If you think a trek from the Bus Loop to class is arduous, try traveling halfway around the world. That’s what students in the Applied Science 263: Technology and Development course do every week—metaphorically speaking, that is.
Dubbed “The Global Engineer,” the course invites students to propose solutions to complex real-life problems identified by artisans in India.
For example, the Khatri brothers, a family of natural dyers in the Kutch desert in western India, require large quantities of water for the dyeing process. However, the only source of water is from a borewell, so it is full of impurities. Minerals like salt interfere with how the dye’s colour adheres to cloth, while iron “saddens” or darkens the dye’s colour.
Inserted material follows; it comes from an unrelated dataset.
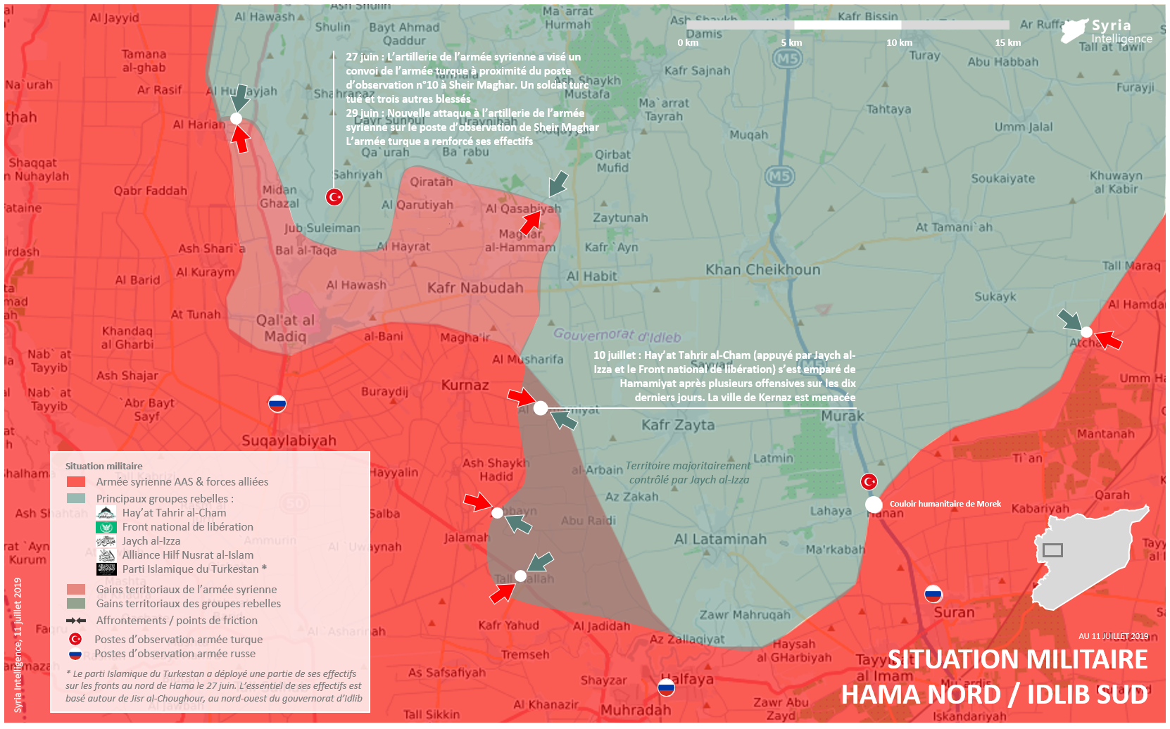 Appuyé par Jaych al-Izza et le Front national de libération, Hay’at Tahrir al-Cham s’est emparé de Hamamiyat dans la nuit du 11 juillet après plusieurs tentatives sur les dix derniers jours. Contre-offensive en cours des forces armées syriennes pour reprendre le village. La ville de Kernaz est menacée.

Students devised an ingenious and workable solution of using tiers of buckets filled with sand and charcoal to filter and purify the water.
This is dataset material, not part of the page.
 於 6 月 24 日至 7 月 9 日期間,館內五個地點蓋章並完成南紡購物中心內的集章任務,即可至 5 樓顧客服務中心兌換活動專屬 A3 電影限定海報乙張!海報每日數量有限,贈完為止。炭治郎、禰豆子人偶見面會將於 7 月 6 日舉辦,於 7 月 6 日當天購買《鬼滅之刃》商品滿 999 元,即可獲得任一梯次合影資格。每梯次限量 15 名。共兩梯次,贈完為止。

These challenges sparked Calvin Lee’s interest. During the course last term, Lee and his teammates delved into ways for harnessing solar energy to power industrial sewing machines for a small company in Bagru, Rajasthan—where electricity is very expensive and intermittent. Lee credits the course for honing his professional and life skills.
“I used to think that engineering was just about technicalities, accuracy and calculations,” says Lee, who graduated from UBC this spring and is currently working as an electrical engineer. “But this course radically changed my views on that. I understand now just how significantly the social, economic and cultural aspects of an engineering problem can affect the outcomes, not to mention the importance of respecting the community’s desires.”
“We’re not giving them neat text-book problems with pre-determined solutions,” says Carla Paterson who teaches the course with fellow instructor Annette Berndt.
Berndt and Paterson, along with UBC learning and teaching researcher Joanne Nakonechny, focused on shaping a course that would deepen students’ social and cultural understanding, while also enhancing their critical thinking and problem-solving skills.
“We’re asking students to develop a tolerance for ambiguity,” says Berndt.
To identify real-world problems, the instructors work with Charllotte Kwon, a social entrepreneur and founder of the Vancouver-based Maiwa Foundation and Maiwa Handprints Ltd. Kwon paints a picture of the societal and environmental “big picture” for the students and also presents the solutions to the artisans in her travels back to India.
“I’m always very excited to see the students’ presentations,” says Kwon. “Despite working with budget or time constraints, their optimism allows them to come up with very creative and technically sound solutions.”